The Microlark developed by John Cowan is an open source Microxml parser in the Java™ environment. In this article, we'll use sample code to learn Microlark.
Microxml is a backward-compatible, XML-simplified version and a new specification. In the 1th part of this series, part 1th: Exploring Microxml's http://www.aliyun.com/zixun/aggregation/17687.html, we introduced the basics of Microxml and explained its The difference between XML 1.x and related standards. Microxml was proposed by James Clark, and John Cowan created its first parser Microlark, which led to the development of this specification. Microlark belongs to the open source (Apache 2.0 license) tool, written in the Java language, which implements several parsing modes: Push mode, pull mode, and tree mode.

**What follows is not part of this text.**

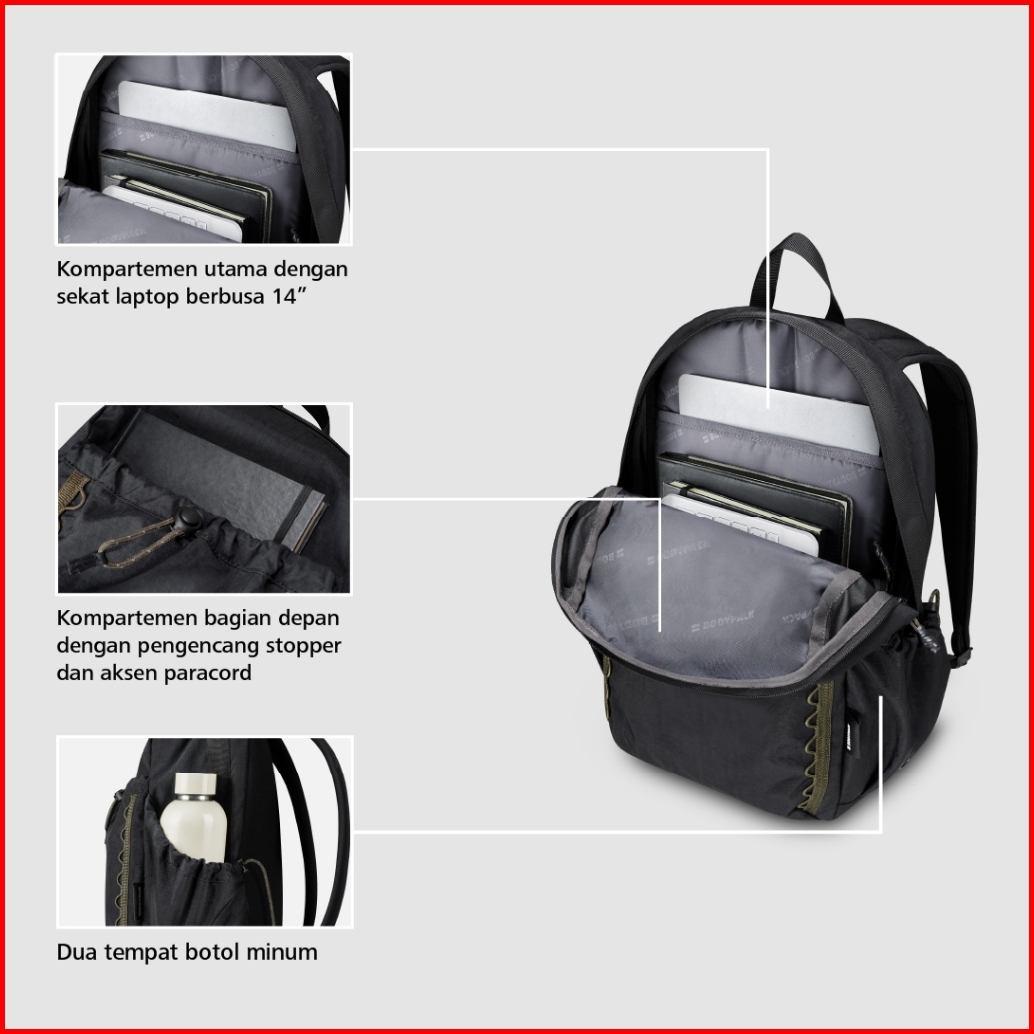 Bodypack Shilka Vision 1.0 Laptop Backpack 14 Inch Tas Ransel Kerja Kuliah Sekolah Ringan Multifungsi - Hitam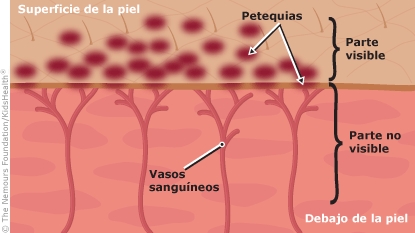 ¿Cuáles son las causas de las petequias? Las petequias aparecen cuando los pequeños vasos sanguíneos (llamados capilares) de la piel se rompen y sangran. Existen muchas causas para la aparición de petequias y la mayoría de ellas no son graves. Cuando una persona tose, llora o vomita, la presión de los vasos sanguíneos se eleva y estos pequeños vasos se rompen. Frotar, pellizcar o succionar la piel también puede provocar la rotura de esos pequeños vasos sanguíneos. Las petequias también pueden deberse a ciertos medicamentos, a una infección viral o bacteriana (tipos de gérmenes) o una enfermedad que hace que el cuerpo tenga menos plaquetas (un tipo de células sanguíneas que ayudan a detener el sangrado).

In this article, we'll learn to parse the Microxml format. We'll explore all aspects of the Microlark parser API using command line and sample code.
Started
To keep up with the sample progress in this article, you need to download:
Microlark.jar, if you wish, you can also download its source code open source Jython interpreter
First, you can run Microlark on the command line and use a Microxml file as an input file. Listing 1 makes some changes to the simple files used in the basic guidelines for exploring Microxml in part 1th:
Save the sample as Listing1.xml and place it in Microlark using the code shown in Listing 2.
Listing 2. Microlark
Java-jar Microlark.jar listing1.xml
You should see the output shown in Listing 3.
Listing 3. Output results
(Htmlalang en-\n--\n-(head-\n-title-welcome page) title-\n-) head-\n-(body-\n-(P-welcome to AAhref IBM.COM/DEVELOPERWORKS/-IBM developerworks) p-\n-) body-\n) HTML
Does this look slightly different? Listing 3 uses a format called PYX, which is a line-oriented representation of an XML document, originating from the presentation specification of the SGML document. PYX renders all the information in an XML document in a way that minimizes the burden of parsing. This is a very useful tool, but unfortunately, it is often overlooked by XML developers.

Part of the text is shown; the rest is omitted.